Aerospace Technology Institute unveils concept for liquid hydrogen-powered aircraft
FlyZero project posits 279-pax midsize jetliner; will publish technology roadmaps for wings, H2 tanks and cryo fuel systems in early 2022.
FlyZero project long-range aircraft concept. Photo Credit: ATI
Developed by a team of U.K. aerospace and aviation experts under the government-backed FlyZero project, a midsize, long-range aircraft concept revealed by the Aerospace Technology Institute (ATI, Cranfield, U.K.) demonstrates the potential of green liquid hydrogen for air travel not just regionally or in short-haul flight, but for global connectivity. More importantly, the midsize concept will meet the demands of a sector of the market between single-aisle and widebody aircraft operations, which together account for 93% of aviation’s carbon emissions.
ATI FlyZero’s midsize aircraft concept demonstrates a zero-carbon emission aircraft capable of carrying up to 279 passengers globally with only one stop, and at the same speed as today’s aircraft. With a range of 5,250 nautical miles (NM) destinations including San Francisco (4,664 NM), Delhi (3,642 NM), Beijing (4,414 NM), Vancouver (4,105 NM), Mexico City (4,815 NM) and Rio De Janeiro (4,983 NM) are within reach from London. Destinations including Auckland (9,911 NM), Sydney (9,188 NM) and Honolulu (6,289 NM) are in reach with just one stop.

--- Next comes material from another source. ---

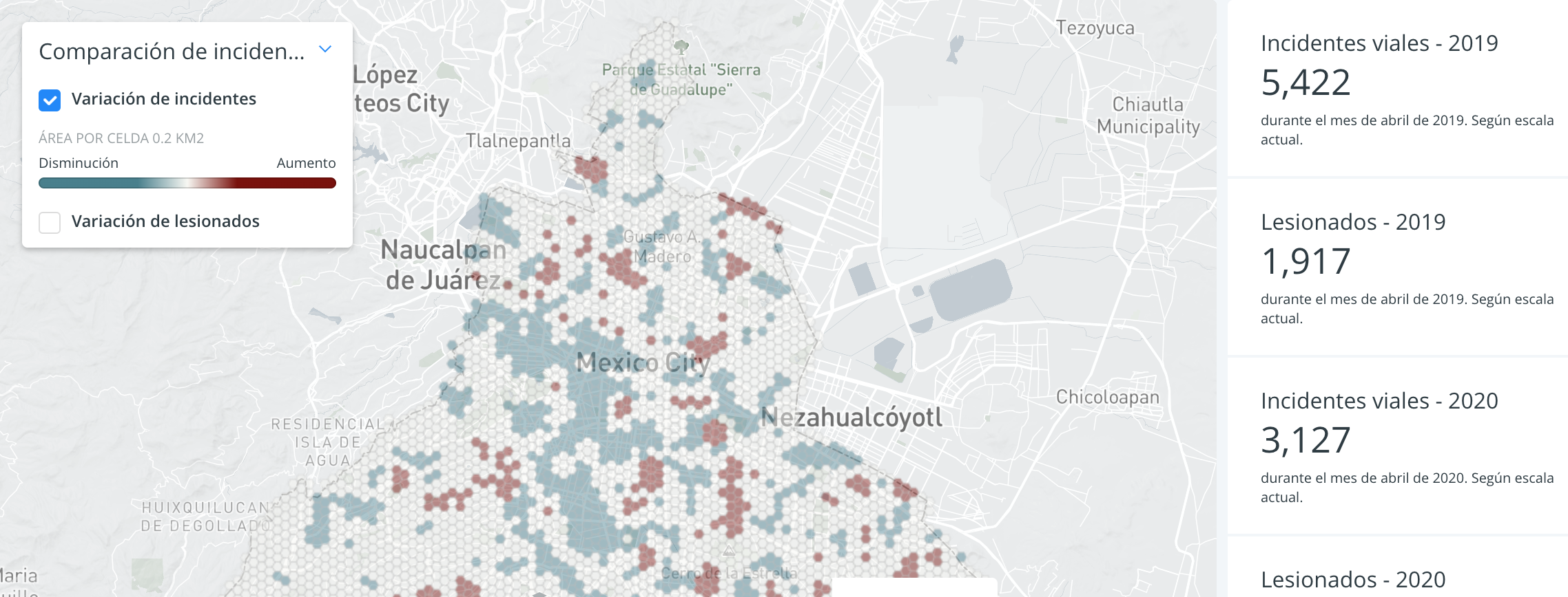 viales en la Ciudad de México durante el mismo periodo comprendido

Powered by liquid hydrogen, the fuel is stored in cryogenic fuel tanks at around -250ºC in the aft fuselage and two smaller “cheek” tanks along the forward fuselage. These cheek tanks also serve to keep the aircraft balanced as the fuel burns off and eliminate the need for any additional aerodynamic structures. The aircraft’s 54-meter wingspan carries two turbofan engines powered by hydrogen combustion.
“At a time of global focus on tackling climate change, our midsize concept sets out a truly revolutionary vision for the future of global air travel keeping families, businesses and nations connected without the carbon footprint,” says FlyZero project director Chris Gear. “This new dawn for aviation brings with it real opportunities for the U.K. aerospace sector to secure market share, highly skilled jobs and inward investment while helping to meet the U.K.’s commitments to fight climate change.”
Liquid hydrogen is a lightweight fuel, which has three times the energy of kerosene and sixty times the energy of batteries per kilogram and emits no CO2 when burned. While there are still technological challenges that exist for liquid hydrogen-powered flight, the shift toward hydrogen energy continues to develop an incentive toward its realization. According to ATI, a new generation of highly efficient hydrogen-powered aircraft with low fuel costs is forecast to have superior operating economics than conventional aircraft from the mid-2030s onwards.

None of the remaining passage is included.